Mr Tomor Bahja (instructed by Messrs Sam Solicitors, Sutton SM1 1PQ) appeared on behalf of the Claimant
Mr Jonathan Moffett (instructed by the Treasury Solicitor, London WC2B 4TS) appeared on behalf of the Defendant

____________________

HTML VERSION OF JUDGMENT
____________________

Crown Copyright ©

  1. THE DEPUTY JUDGE: This is an application by the claimant, Hemant Hulkory, for judicial review of the decision of the defendant, the Secretary of State for the Home Department, on 2nd February 2006 refusing the claimant further leave to remain in the United Kingdom as a student.
  2. The claimant, who is a citizen of Mauritius, came to the United Kingdom on 6th September 2004. He had no entry clearance and was entitled, as a non-visa national, to seek leave to enter as a student, which he did, and leave was granted for six months, expiring on 6th March 2005. Before the expiry of that leave he sought an extension of leave as a student and was granted leave to remain until 30th November 2005. It is the claimant's application for further leave at the expiry of that period of leave that is the subject of these proceedings.
  3. I do not need to set out the history of the Immigration Rules as they relate to students who are not visa nationals. There have been a number of changes in the student rules in the last four years or so.

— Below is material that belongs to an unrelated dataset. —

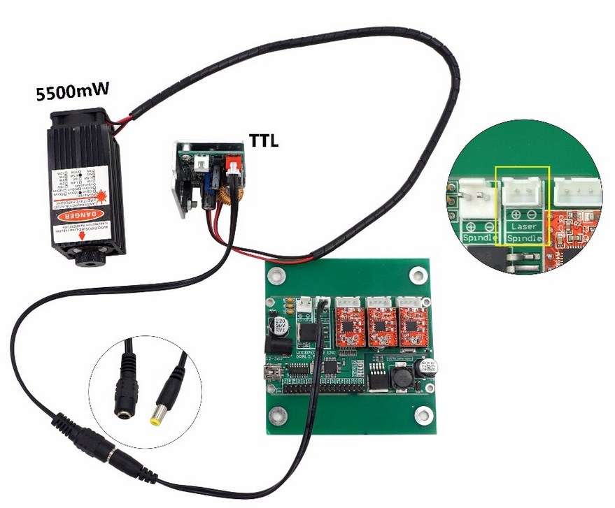 А этот вариант с управлением по TTL и отдельным блоком питания. Маломощный лазер питается от платы, мощный управляется через TTL.

It is accepted that the position at the date this application was made was that under the Rules the claimant needed to make any application for further leave during the currency of his existing leave. If the application was made after the expiry of existing leave, then under the Rules it was to be refused. It is also accepted that the application was in fact made on 1st December 2005, that is to say on the day after the leave expired. It is thus accepted on the claimant's behalf that the application was not made in time and it is, as I understand it, also accepted as a result that that application could not succeed under the Rules.
  4. The claim made on the claimant's behalf is that the Secretary of State, receiving the application in the circumstances in which she did, should have considered it and considered whether to grant it in the exercise of the discretion that she has, to depart from the Rules in an individual case.
  5. The circumstances of the submission of the application for leave to remain are as follows. The claimant had been studying at a college at which he sought to continue his studies. Knowing that in order to support an application for further leave to remain he would need evidence of progress in those studies, he sought a progress report from the college. There is some evidence that he sought that report in mid-November 2005. According to the chronology produced by Mr Bahja, who represents him today, in mid-November 2005 the claimant made his first enquiries of the college.
  6. The college produced a progress report, which is dated 29th November 2005. The claimant decided, as he was entitled to do, to make his application through the college; that is to say, he asked the college to send it to the Secretary of State on his behalf. The form of application and all other requisite documents and fees were thus passed to the college. That I am told was done on 30th November 2005 and it is accepted that if they had been sent off on that day that would have been an application that was in time. They were not sent on that day, despite assurances that the college had given to the claimant. The form was sent the following day and as a result it was out of time.
  7. The claimant, of course, knew that time was getting very short. He knew on 30th November when he gave the form to the college that if the college did not submit it on that day it would be too late. That was why he sought the assurance that he did, no doubt. But despite the fact that he was necessarily, by asking the college to forward the form, leaving his future in the hands of the college, he evidently decided to allow the college to submit the form as he had arranged.
  8. The claimant made no enquiry of the Secretary of State whether the form had been submitted in time. Although, as I have indicated, he must have known that there was a difficulty, that time had been getting short, that everything depended on the college doing what he had asked at the time he had asked, he made no enquiry. Mr Bahja has relied to an extent in his submissions on the fact that, as a result, it was not until 2nd February 2006, when the decision was made, that the claimant discovered that the application had not been made in time. If he did not know previously - and I accept that through failure to enquire he did not know - the fact was made abundantly clear to him by the terms of the decision. The decision is as follows:
  9. "Your application has been refused for the reasons set out in the enclosed notice."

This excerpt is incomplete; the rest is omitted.